Double quotes can be used to escape identifiers that are reserved keywords in SQL, e.g. "when".

When filling an char(n) field with a string shorter than n characters, it will be filled up with spaces. When trying to fill it with a string that is longer, an error is thrown (except when the excess characters are all spaces, in this case the string is truncated to the expected length).

If there is an explicit typecast to char or varchar and the string is longer than the provided length value, the string will be truncated to that length, e.g. 'too long'::varchar(5) gets 'too l'.

Date and time

  • date as 'yyyy-MM-dd', e.g. '2017-08-20'
  • time as 'hh:mm:ss', e.g. '17:00:00'
  • timestamp as 'yyyy-MM-dd hh:mm:ss', e.g. '2017-08-20 17:00:00'

Incomplete timestamps will be filled up automatically, e.g. '2017-08-20' becomes '2017-08-20 00:00:00', and '2017-08-20 17:00' becomes '2017-08-20 17:00:00'. Thus, a condition to include all timestamps in 2017 would be: t BETWEEN '2017-01-01' AND '2018-01-01'.

Dates, times, and timestamps can be compared using the numerical comparison operators (<, =, BETWEEN, etc.).

time and timestamp have variants that include timezone information, e.g. '2017-8-20 17:00:00+02' with an 2-hour offset from UTC.

Boolean

  • boolean

Values can be TRUE, FALSE, or NULL (unknown).

Type casts

CAST (expression AS type)
expression::type

SQL

SQL (Structured Query Language) is a special-purpose, declarative programming language to interact with relational databases.

The SQL vocabulary is categorized into three sub-vocabularies:

  • The Data Definition Language (DDL) is a vocabulary for specifying the database schema, in articular for creating, modifying and deleting databases, tables, and constraints. This comprises all SQL commands that define the structure and properties of data but don’t actually manipulate any data records, such as CREATE, ALTER, and DROP. (The latter is partly also DML, as dropping a database also deletes all data records in it.)

  • The Data Manipulation Language (DML) is a vocabulary for managing data, i.e. for retrieval of data records (querying) and manipulation of data records (inserting, modifying, deleting). Also known as CRUD, the four basic functions of persistent storage: * Create data (INSERT) * Read data (SELECT) * Update data (UPDATE) * Delete data (DELETE)

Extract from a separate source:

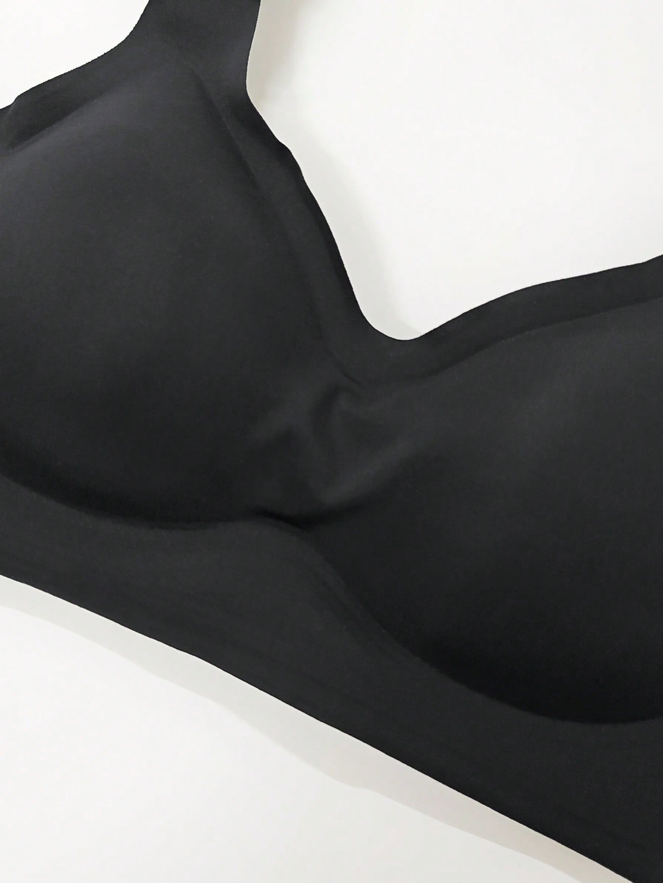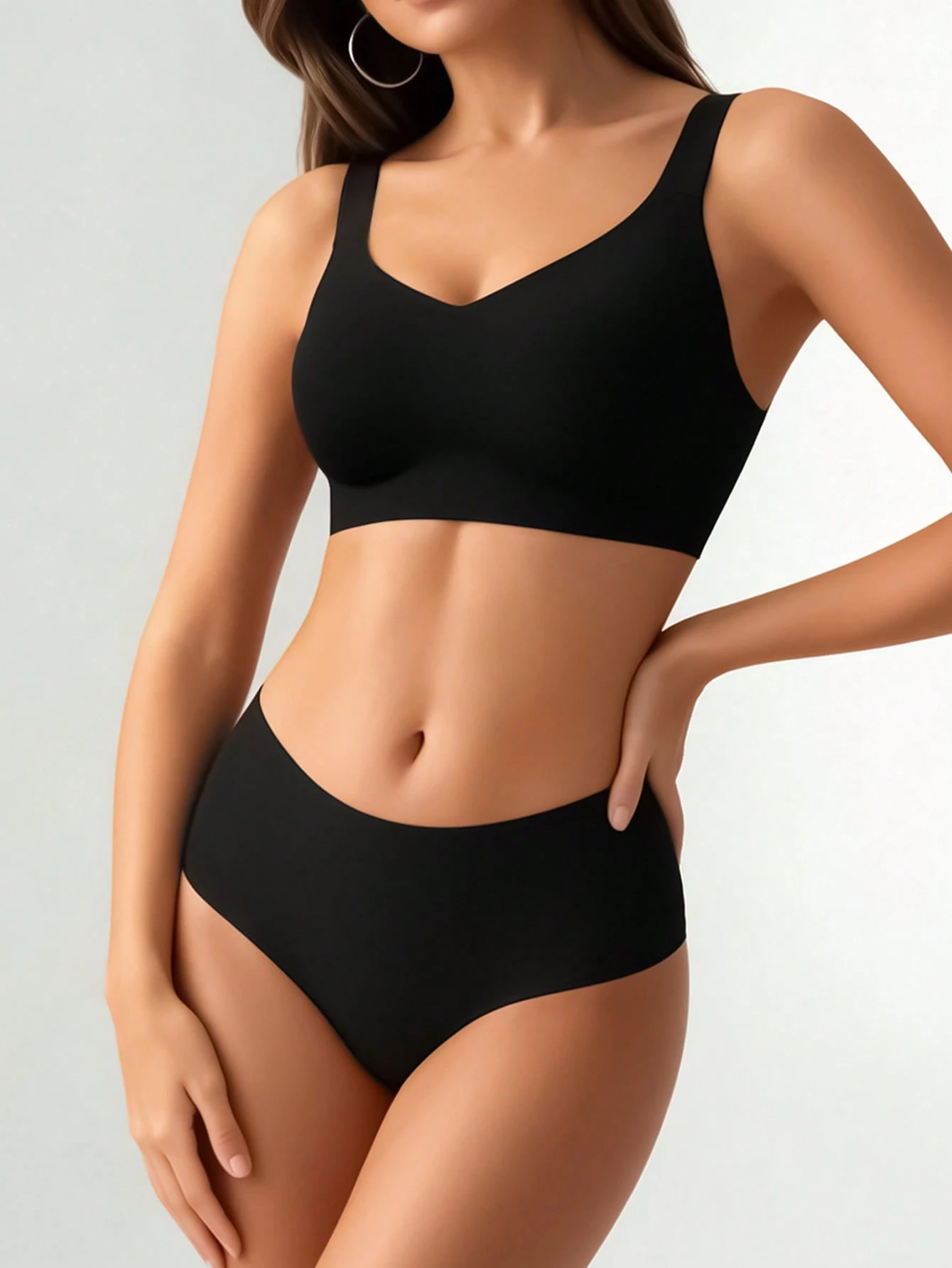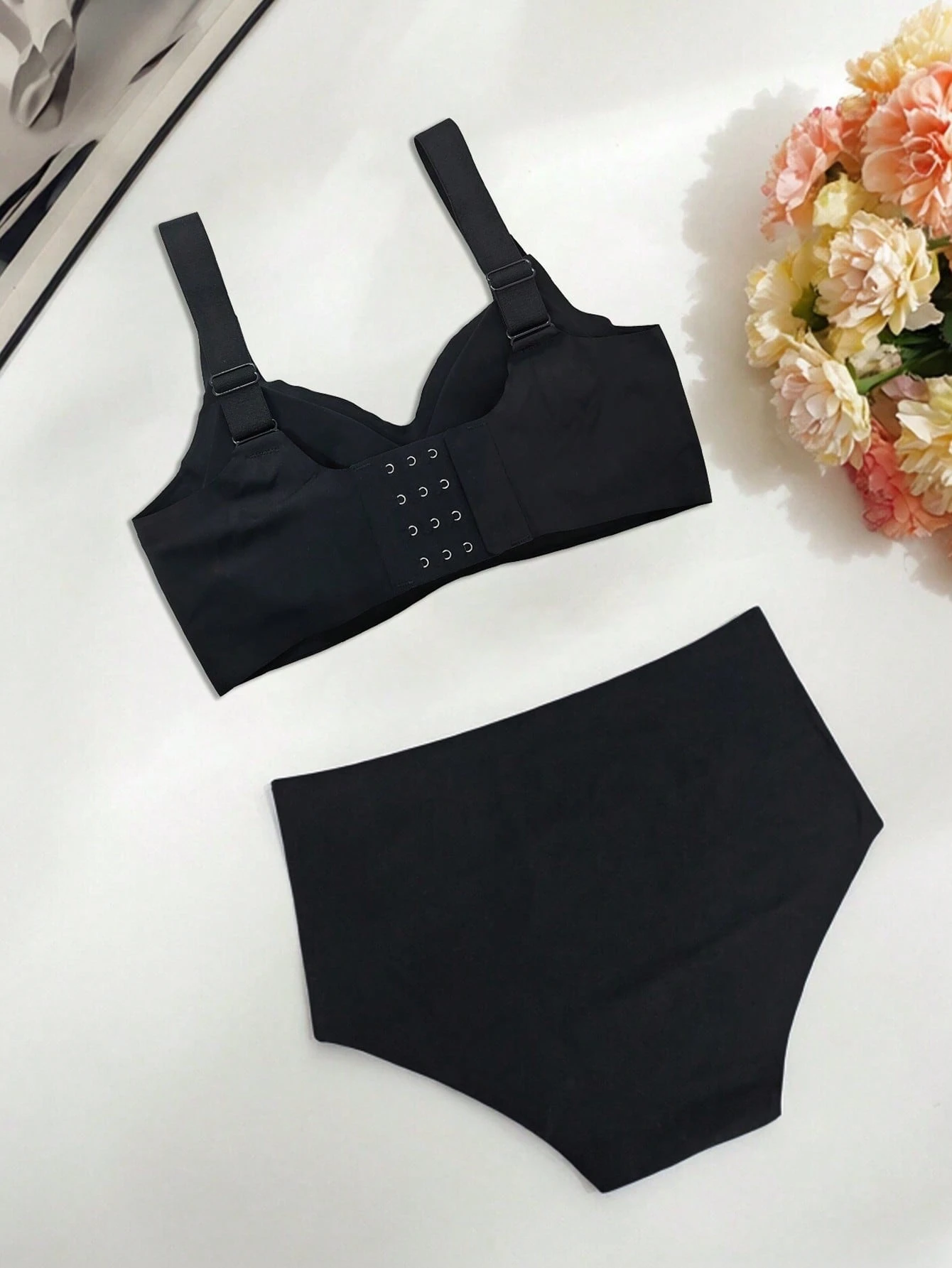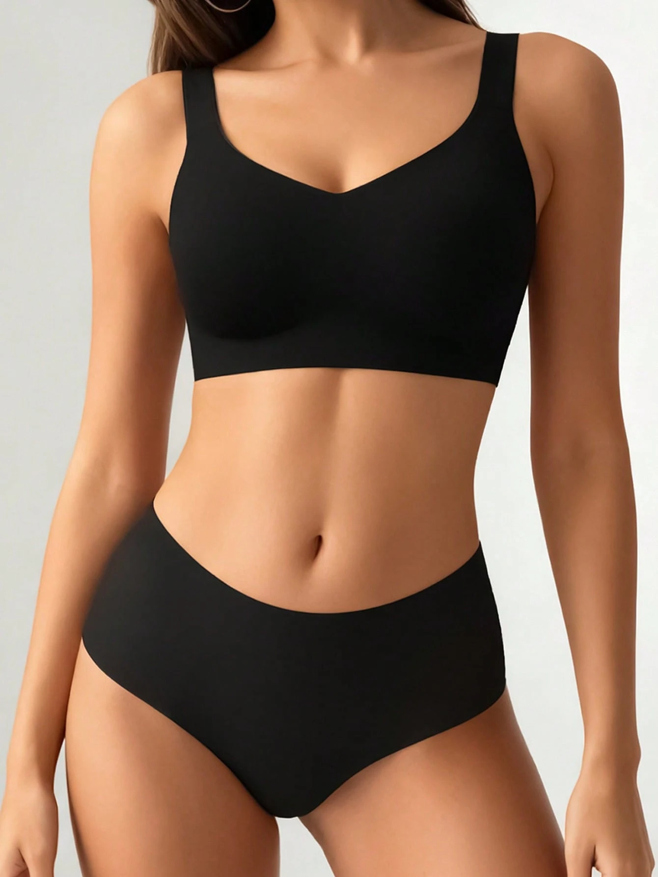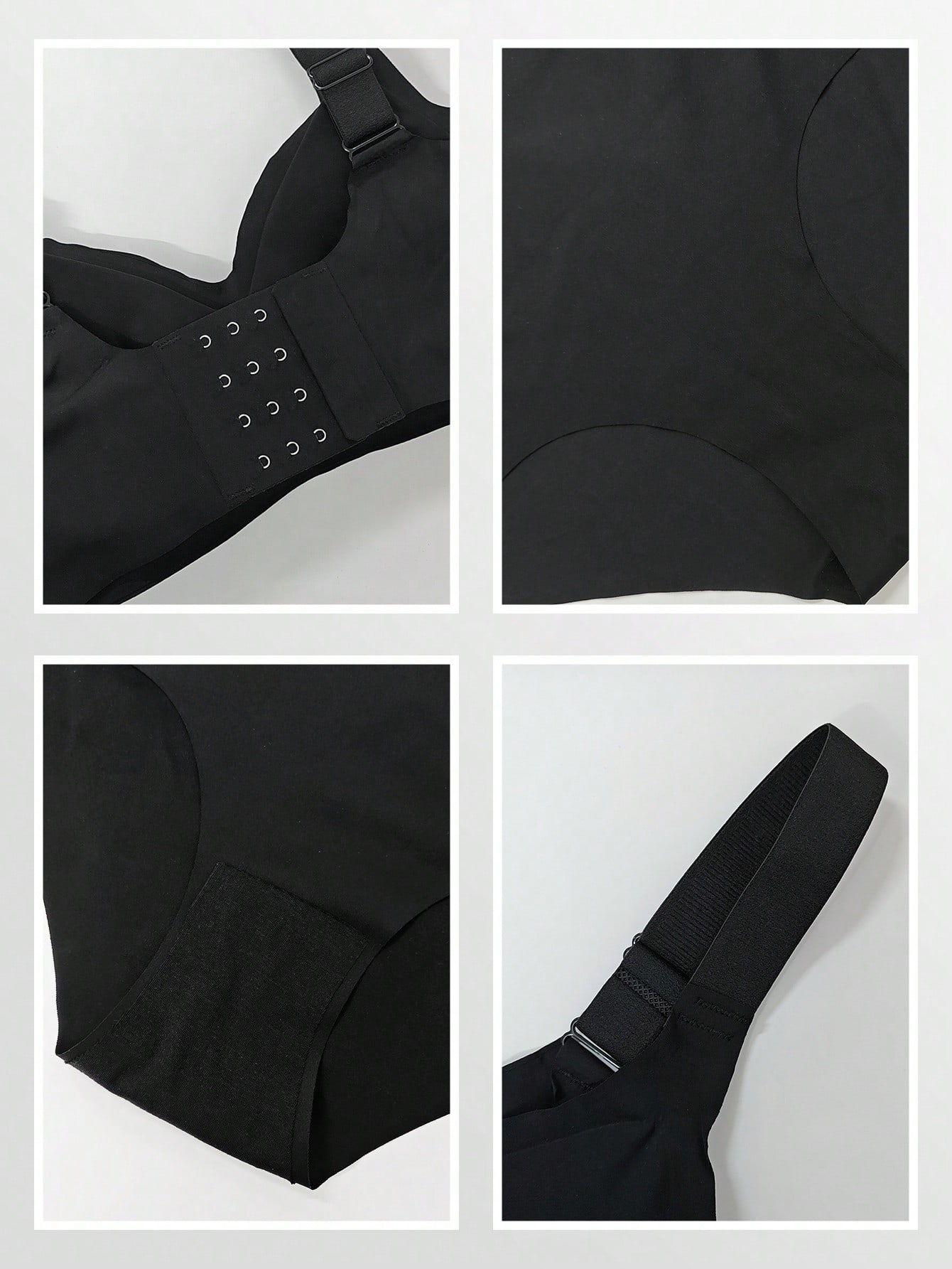2pcs Seamless Lingerie Set, Solid Color Backless Thin Adjustable Strap Bra And Fashion Panty Combo

  • The Data Control Language (DCL) is a vocabulary for controlling rights and roles for accessing data. This comprises in particular GRANT and REVOKE.

Adher to the SQL style guide.

SQL: Data Definition Language (DDL)

Creating and dropping tables

CREATE TABLE table_name (
    PRIMARY KEY (column1),
    column1 <datatype> <column_constraints>,  
    column2 <datatype> <column_constraints>,
    <table_constraints>
);

Addind and dropping a column:

ALTER TABLE table ADD  COLUMN column <datatype> <constraints>;
ALTER TABLE table DROP COLUMN column;

Dropping tables and databases:

DROP TABLE table_name [ , other_table_name ];

DROP DATABASE database_name;

Constraints

The database schema can be used to restrict data injection in three ways:

  • datatype
  • modifiers (column constraints)
  • table constraints
Modifier Constraint
NOT NULL CHECK (column IS NOT NULL)
UNIQUE UNIQUE (column)
UNIQUE (column1, column2, ...)
DEFAULT value -
PRIMARY KEY PRIMARY KEY (column)
PRIMARY KEY (column1, column2, ...)
REFERENCES other_table (column) FOREIGN KEY (column) REFERENCES other_table (column)
CHECK condition CHECK condition

Constraints can be explicitly named by prefixing CONSTRAINT constraint_name ....

Options for foreign keys:

  • ON UPDATE CASCADE
  • ON DELETE CASCADE
  • ON DELETE SET NULL
  • ON DELETE SET DEFAULT
  • and others

FOREIGN KEY (c1) REFERENCES table (c2) ON DELETE CASCADE means that if a value in the referenced column c2 is deleted, all rows with that value in c1 are deleted as well. Alternatively, the value in c1 can be set to NULL or the column’s default value.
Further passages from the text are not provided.